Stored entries
━━━━━━━━━━

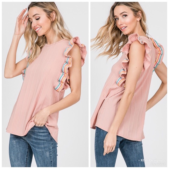 π LAST 1! Blush Ribbed Rainbow π Ruffle Top!
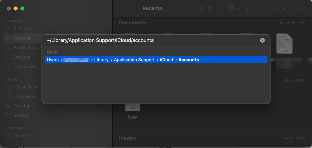 Leta efter~/Library/Application Support/iCloud/Accounts. HitSkriva inatt öppna.
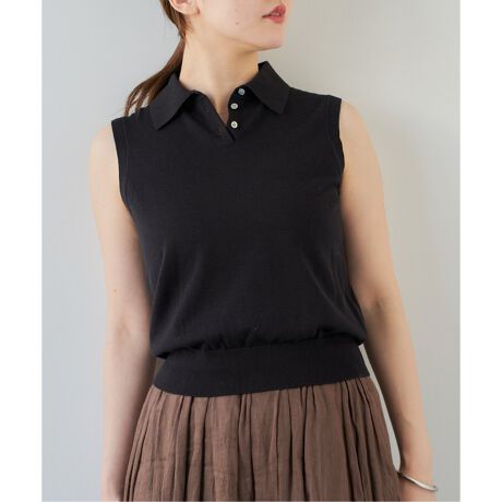 シルクの上品な光沢と、コットンの扱いやすさを兼ね備えたポロノースリーブニット。
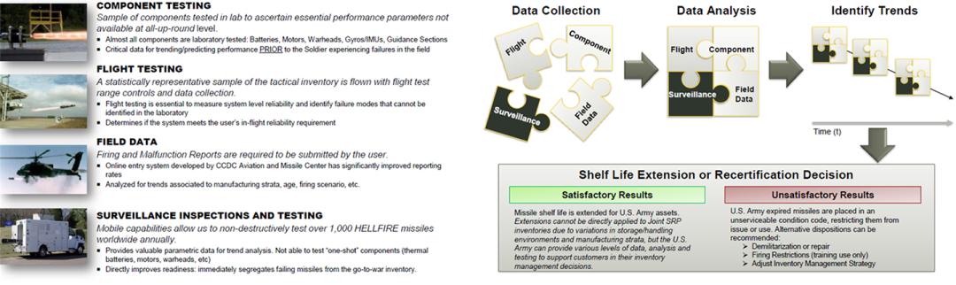또한, DA PAM 702-16은 저장시험(Storage Test), 기능시험(Function Test), 환경시험(Environmental Test), 비파괴검사(Nondestructive Test) 등 구체적 시험평가 절차를 규정하고 있으며, 그 핵심은 통계학적 접근에 있다. 제한된 샘플 기반으로 전체 재고의 신뢰성을 추정하기 위해 베이지안(Bayesian) 분석과 와이블(Weibull) 분포와 같은 통계 기법을 적용하여, 탄약의 전체 고장 확률을 추정한다. 그리고 DA PAM 742-1은 탄약의 저장·수송·배치 전 과정에서 수행되어야 할 점검 절차를 제시함으로써, 유도탄 ASRP를 단순 시험실 차원의 절차가 아닌 실제 운용 현장과 연결된 관리 체계로 확장시켰다. 예컨대, 특정 기후 조건(고온다습, 한랭건조 등)에 따라 탄약의 열화 양상이 상이하므로, 지역별 저장 환경에 적합한 맞춤형 감시 기준이 필요하다. DA PAM 742-1은 이러한 환경 차이를 반영한 관리 지침을 제공하고 있다.
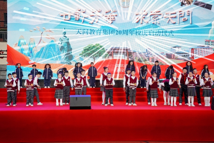 在这特殊的日子,高新天问小学以丰富多彩的活动祝贺天问教育集团廿载芳华、春风化雨、桃李芬芳!
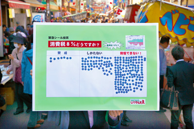 「消費税が八%に上がりましたが、実感はどうですか?」と聞きながらシール投票を実施。やはり多かったのは「我慢できない」一四五票(六九・一%)でした。
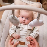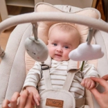 Zahvaljujući ugrađenim melodijama, zvukovima prirode i Bluetooth povezivanju, pustit ćete bebi sve od uspavanki do vaših omiljenih playlisti. Mekani materijali, odvojiva navlaka periva u perilici i sigurnosni pojas u 5 točaka brinu za udobnost i sigurnost. Prečka s dvjema igračkama potiče osjete i nudi nježnu zabavu tijekom odmora.
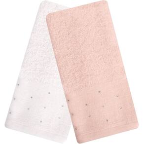 Kit 5 Toalha Lavabo Cristal Natalina 30x50cm Off White/Veludo Rosa -
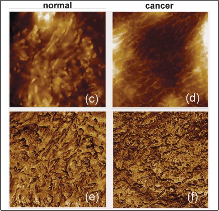 研究人员发现,从癌症患者尿液中提取出的膀胱细胞具有独特的表面特征,利用原子力显微镜可以将其与健康个体的膀胱细胞区分开来,因此这种方法具有极大的潜力用作诊断工具。不仅如此,该诊断方法与机器学习相结合后,能够更精确的识别细胞表面特征,例如粘附性、粗糙度、方向性以及分形特性等,从健康细胞中将癌变细胞区分出来。 癌细胞与正常细胞在显微镜观察下具有不同的特征(左列为正常细胞,右列为癌细胞观察结果)
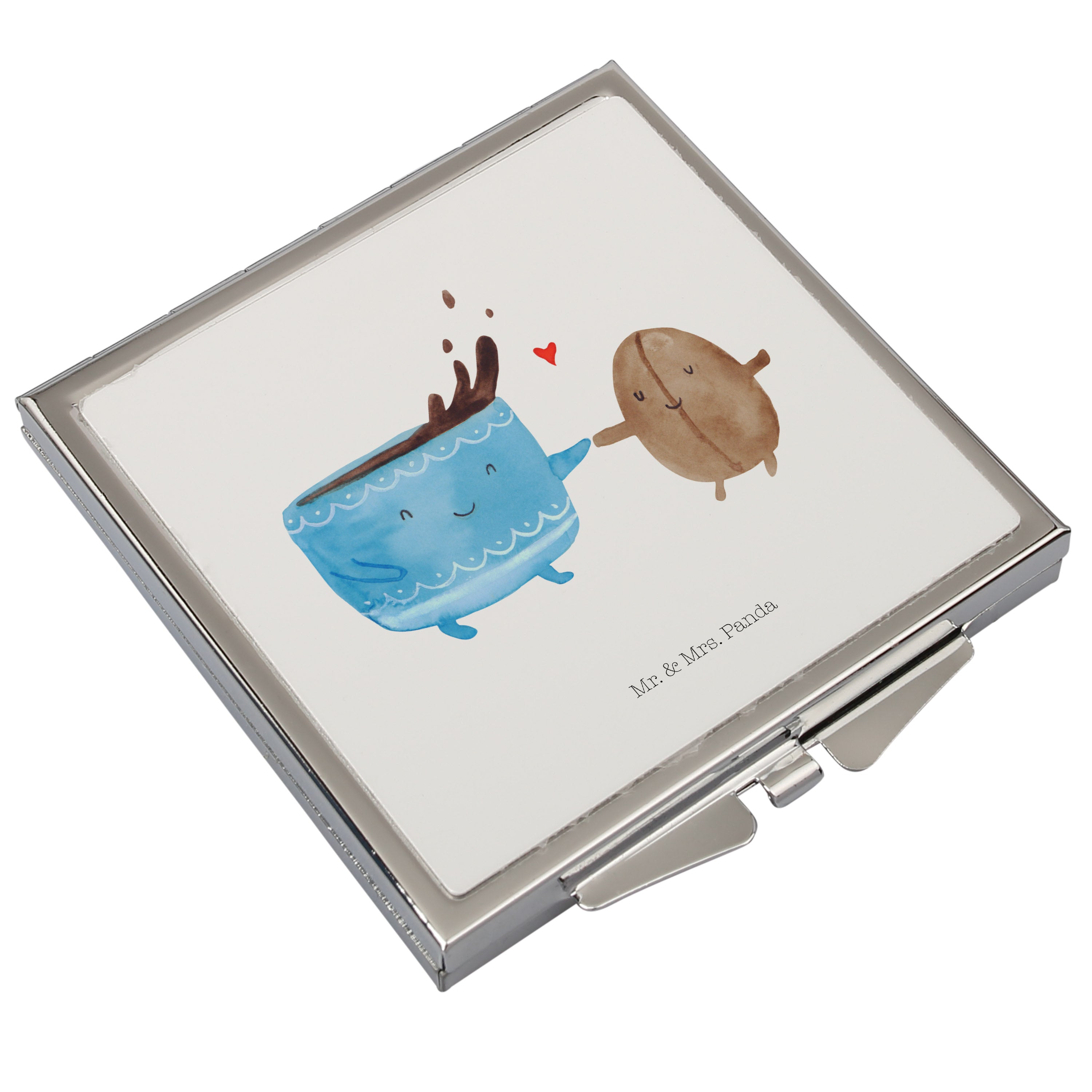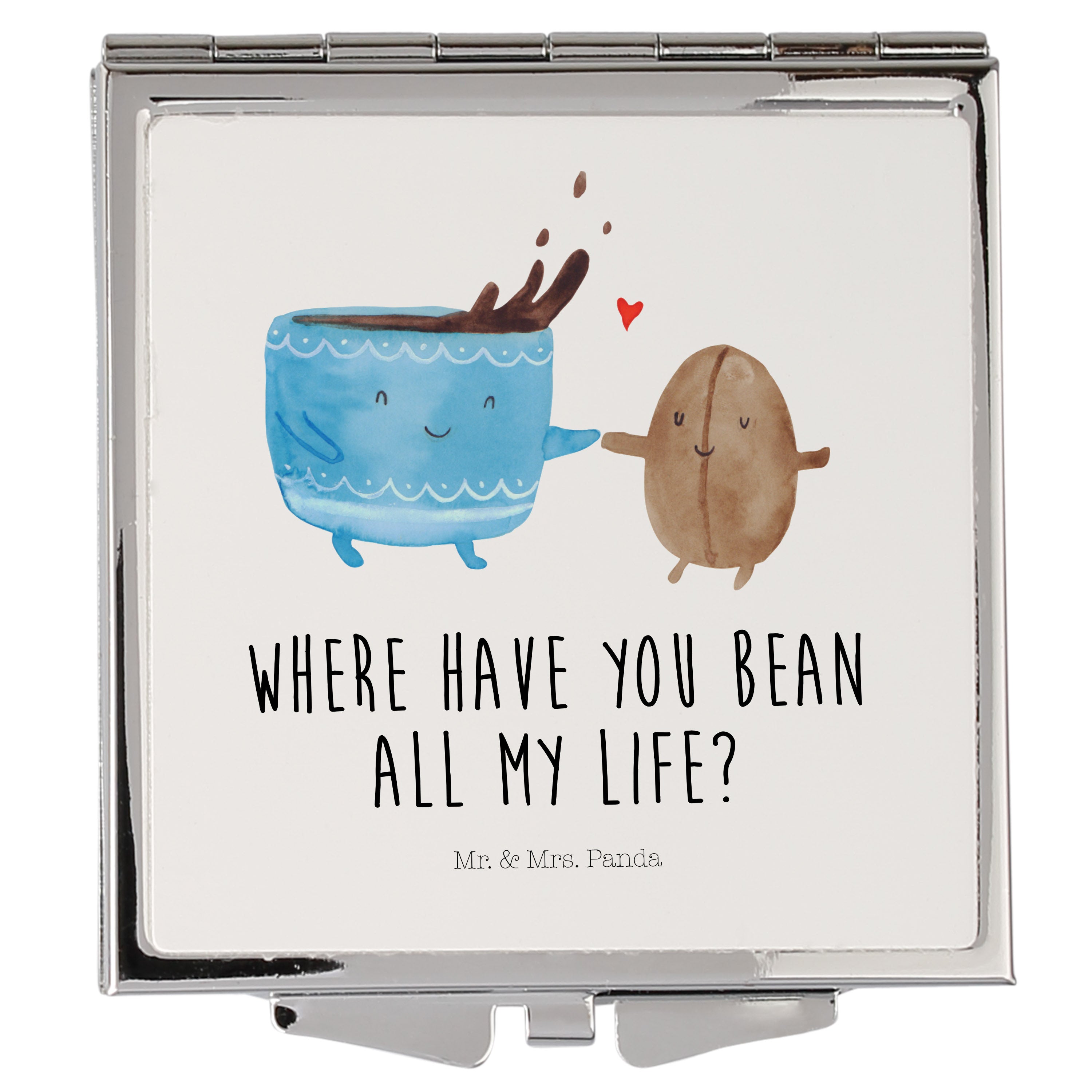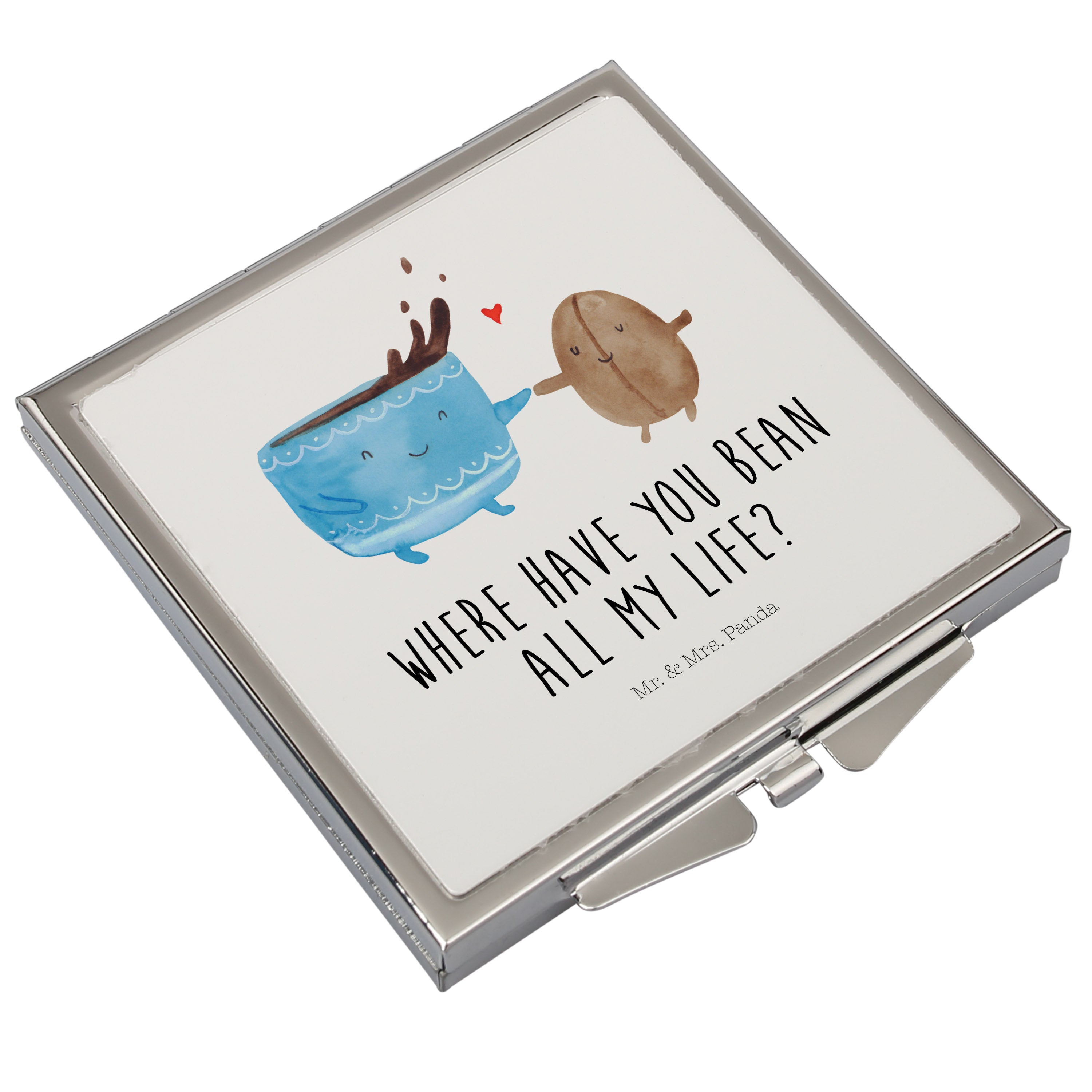 Handtaschenspiegel quadratisch Kaffee Bohne - mit Spruch - Weiß

━━━━━━━━━━

• Exercise brief:
The expected answer is the complete set of entries, copied verbatim, with no pictures.

• Exercise output:
 π LAST 1! Blush Ribbed Rainbow π Ruffle Top!
 Leta efter~/Library/Application Support/iCloud/Accounts. HitSkriva inatt öppna.
 シルクの上品な光沢と、コットンの扱いやすさを兼ね備えたポロノースリーブニット。
또한, DA PAM 702-16은 저장시험(Storage Test), 기능시험(Function Test), 환경시험(Environmental Test), 비파괴검사(Nondestructive Test) 등 구체적 시험평가 절차를 규정하고 있으며, 그 핵심은 통계학적 접근에 있다. 제한된 샘플 기반으로 전체 재고의 신뢰성을 추정하기 위해 베이지안(Bayesian) 분석과 와이블(Weibull) 분포와 같은 통계 기법을 적용하여, 탄약의 전체 고장 확률을 추정한다. 그리고 DA PAM 742-1은 탄약의 저장·수송·배치 전 과정에서 수행되어야 할 점검 절차를 제시함으로써, 유도탄 ASRP를 단순 시험실 차원의 절차가 아닌 실제 운용 현장과 연결된 관리 체계로 확장시켰다. 예컨대, 특정 기후 조건(고온다습, 한랭건조 등)에 따라 탄약의 열화 양상이 상이하므로, 지역별 저장 환경에 적합한 맞춤형 감시 기준이 필요하다. DA PAM 742-1은 이러한 환경 차이를 반영한 관리 지침을 제공하고 있다.
 在这特殊的日子,高新天问小学以丰富多彩的活动祝贺天问教育集团廿载芳华、春风化雨、桃李芬芳!
 「消費税が八%に上がりましたが、実感はどうですか?」と聞きながらシール投票を実施。やはり多かったのは「我慢できない」一四五票(六九・一%)でした。
 Zahvaljujući ugrađenim melodijama, zvukovima prirode i Bluetooth povezivanju, pustit ćete bebi sve od uspavanki do vaših omiljenih playlisti. Mekani materijali, odvojiva navlaka periva u perilici i sigurnosni pojas u 5 točaka brinu za udobnost i sigurnost. Prečka s dvjema igračkama potiče osjete i nudi nježnu zabavu tijekom odmora.
 Kit 5 Toalha Lavabo Cristal Natalina 30x50cm Off White/Veludo Rosa -
 研究人员发现,从癌症患者尿液中提取出的膀胱细胞具有独特的表面特征,利用原子力显微镜可以将其与健康个体的膀胱细胞区分开来,因此这种方法具有极大的潜力用作诊断工具。不仅如此,该诊断方法与机器学习相结合后,能够更精确的识别细胞表面特征,例如粘附性、粗糙度、方向性以及分形特性等,从健康细胞中将癌变细胞区分出来。 癌细胞与正常细胞在显微镜观察下具有不同的特征(左列为正常细胞,右列为癌细胞观察结果)
 Handtaschenspiegel quadratisch Kaffee Bohne - mit Spruch - Weiß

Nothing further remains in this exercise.